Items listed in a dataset
====

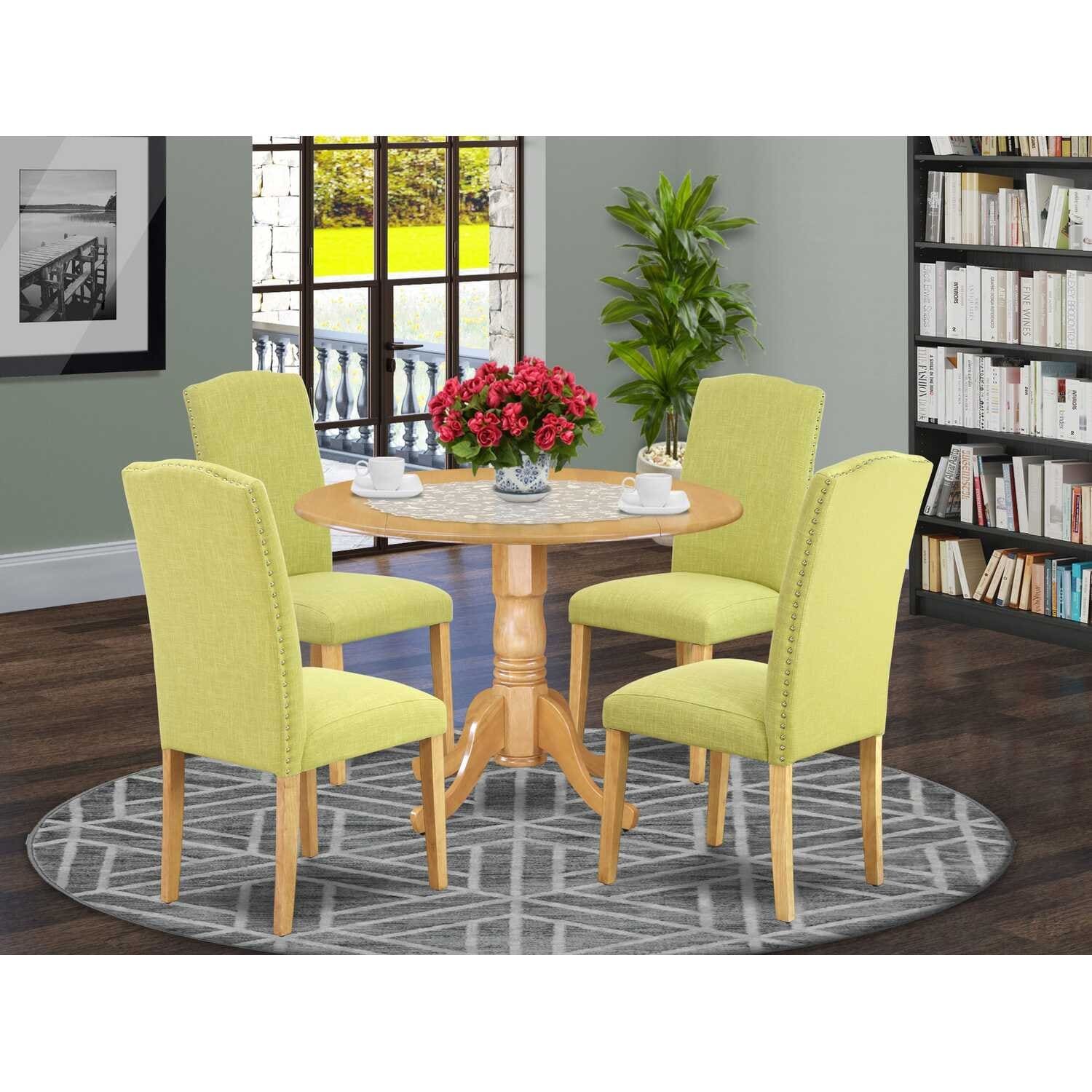 Modern Dining Set - Round Table & 4 Chairs - 42 Inch - Oak Finish - Kitchen Dining Room Furniture
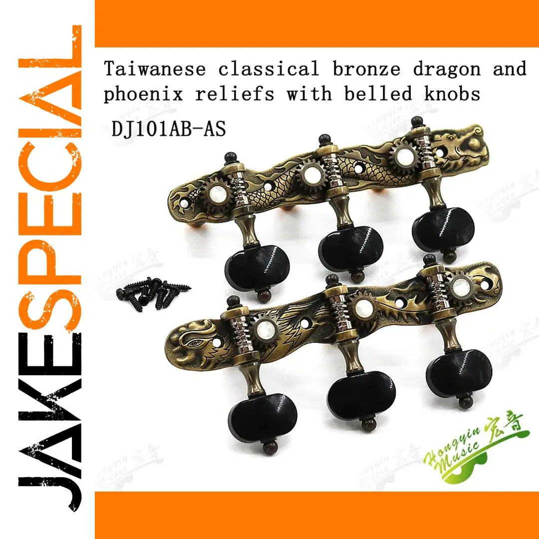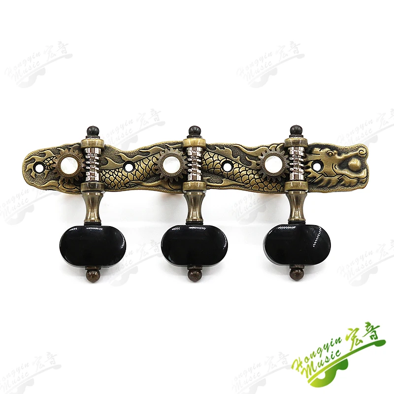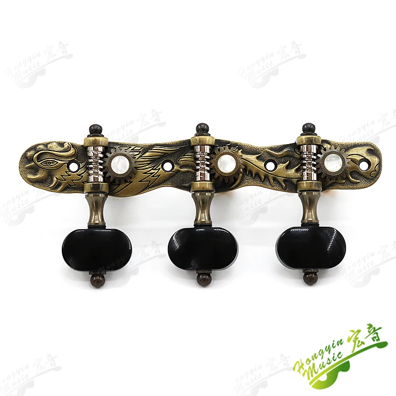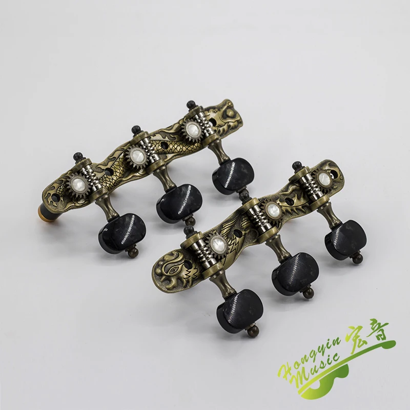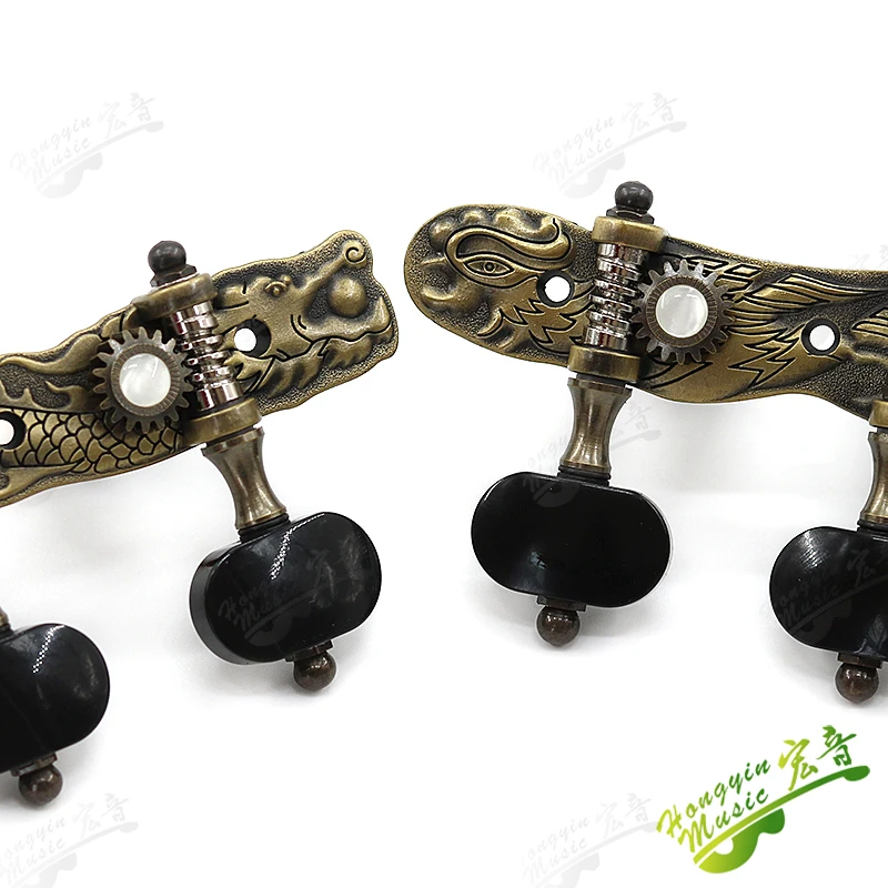 Experience the perfect blend of artistry and craftsmanship with this set of classical guitar tuning pegs. Crafted from durable alloy, these tuners boast a warm bronze finish, intricately detailed with mythological reliefs of dragons and phoenixes that evoke a sense of tradition and elegance. The black, smooth tuning knobs contrast beautifully with the ornate metalwork, providing both aesthetic appeal and easy handling. Designed for high-end classical guitars, these tuners fit guitars with a 10 mm string hole and feature a 1:18 gear ratio for precise tuning. Including both left- and right-hand pegs, this set offers a luxurious upgrade that will enhance your instrument’s appearance and performance.
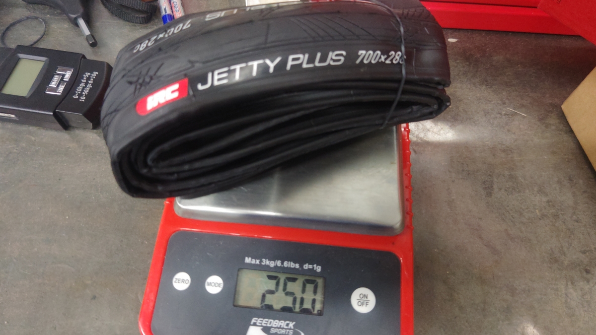 一本で250g!なんと半分以下の重量です。量り方に差異があるので正確さは欠きますが、500g程のダイエットができると考えると大きい差ですね。しかもグリップが良くなったり、転がり抵抗が少なくなったりといったメリットも付いてきます。
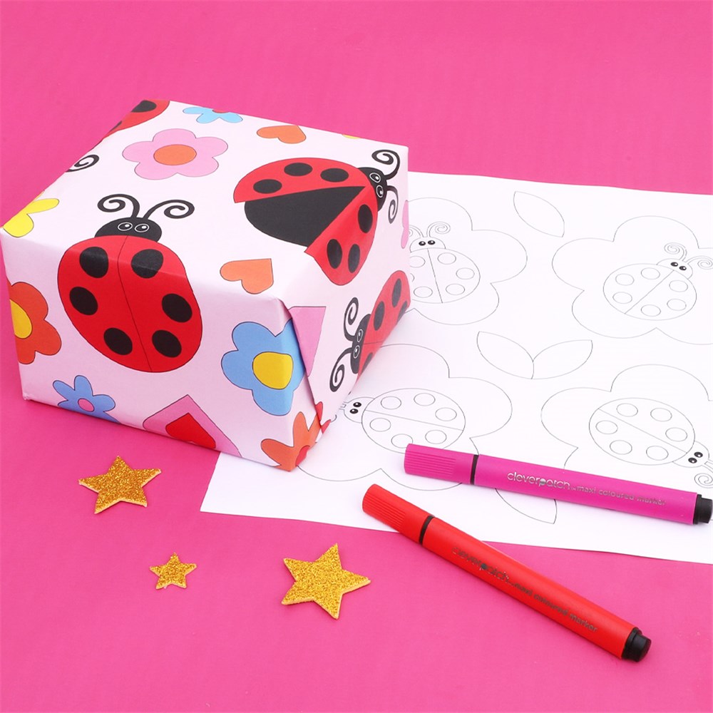 • Step 3Your Ladybug Wrapping Paper is now ready to use. Wrap up your gifts for someone special using the decorated paper and gift with your matching card!
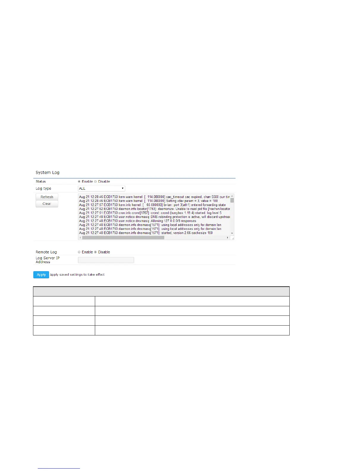 This page allows you to set up the System log and local log functions of the ECB1200. Click Log under the System
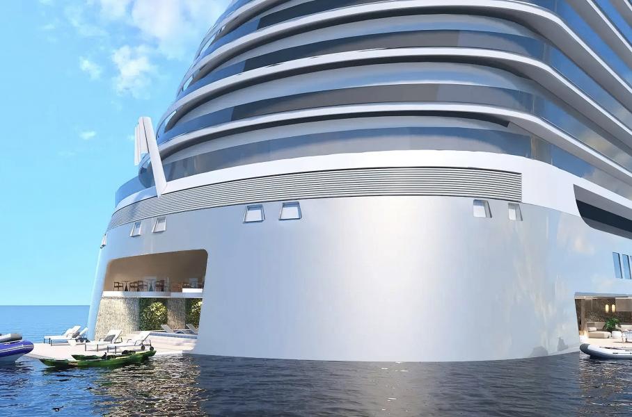 В движение роскошный лайнер будут приводить двигатели, работающие на сжиженном природном газе. Корабль сможет перемещаться по всем континентам, останавливаясь в городах от одного до пяти дней.
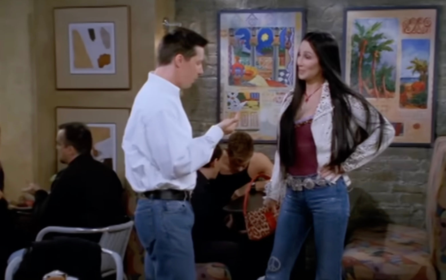 Cher pictured in front of one of the artist’s paintings on the set ofWill & Grace.
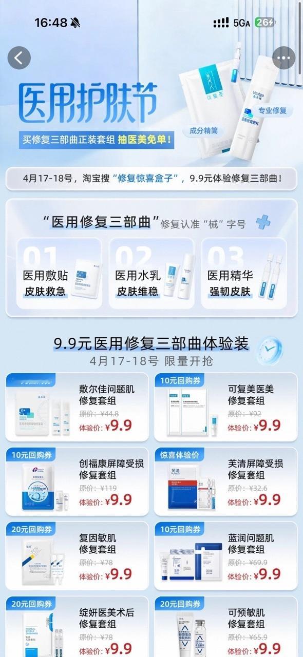 淘宝对天猫过敏 演我换季烂脸来了......几乎没有丝毫犹豫就去🍑宝搜“修复惊喜盒子”抢下了9.9元修复礼换季过敏修复全靠它了!不敢相信原价居然100+,而且买指定款送医美卡,之后两天概率还会翻倍,一直在going我啊啊啊,冲一个!

====

All of the data is to be transcribed exactly, with images omitted.

Reply.
 Modern Dining Set - Round Table & 4 Chairs - 42 Inch - Oak Finish - Kitchen Dining Room Furniture
 Experience the perfect blend of artistry and craftsmanship with this set of classical guitar tuning pegs. Crafted from durable alloy, these tuners boast a warm bronze finish, intricately detailed with mythological reliefs of dragons and phoenixes that evoke a sense of tradition and elegance. The black, smooth tuning knobs contrast beautifully with the ornate metalwork, providing both aesthetic appeal and easy handling. Designed for high-end classical guitars, these tuners fit guitars with a 10 mm string hole and feature a 1:18 gear ratio for precise tuning. Including both left- and right-hand pegs, this set offers a luxurious upgrade that will enhance your instrument’s appearance and performance.
 一本で250g!なんと半分以下の重量です。量り方に差異があるので正確さは欠きますが、500g程のダイエットができると考えると大きい差ですね。しかもグリップが良くなったり、転がり抵抗が少なくなったりといったメリットも付いてきます。
 • Step 3Your Ladybug Wrapping Paper is now ready to use. Wrap up your gifts for someone special using the decorated paper and gift with your matching card!
 This page allows you to set up the System log and local log functions of the ECB1200. Click Log under the System
 В движение роскошный лайнер будут приводить двигатели, работающие на сжиженном природном газе. Корабль сможет перемещаться по всем континентам, останавливаясь в городах от одного до пяти дней.
 Cher pictured in front of one of the artist’s paintings on the set ofWill & Grace.
 淘宝对天猫过敏 演我换季烂脸来了......几乎没有丝毫犹豫就去🍑宝搜“修复惊喜盒子”抢下了9.9元修复礼换季过敏修复全靠它了!不敢相信原价居然100+,而且买指定款送医美卡,之后两天概率还会翻倍,一直在going我啊啊啊,冲一个!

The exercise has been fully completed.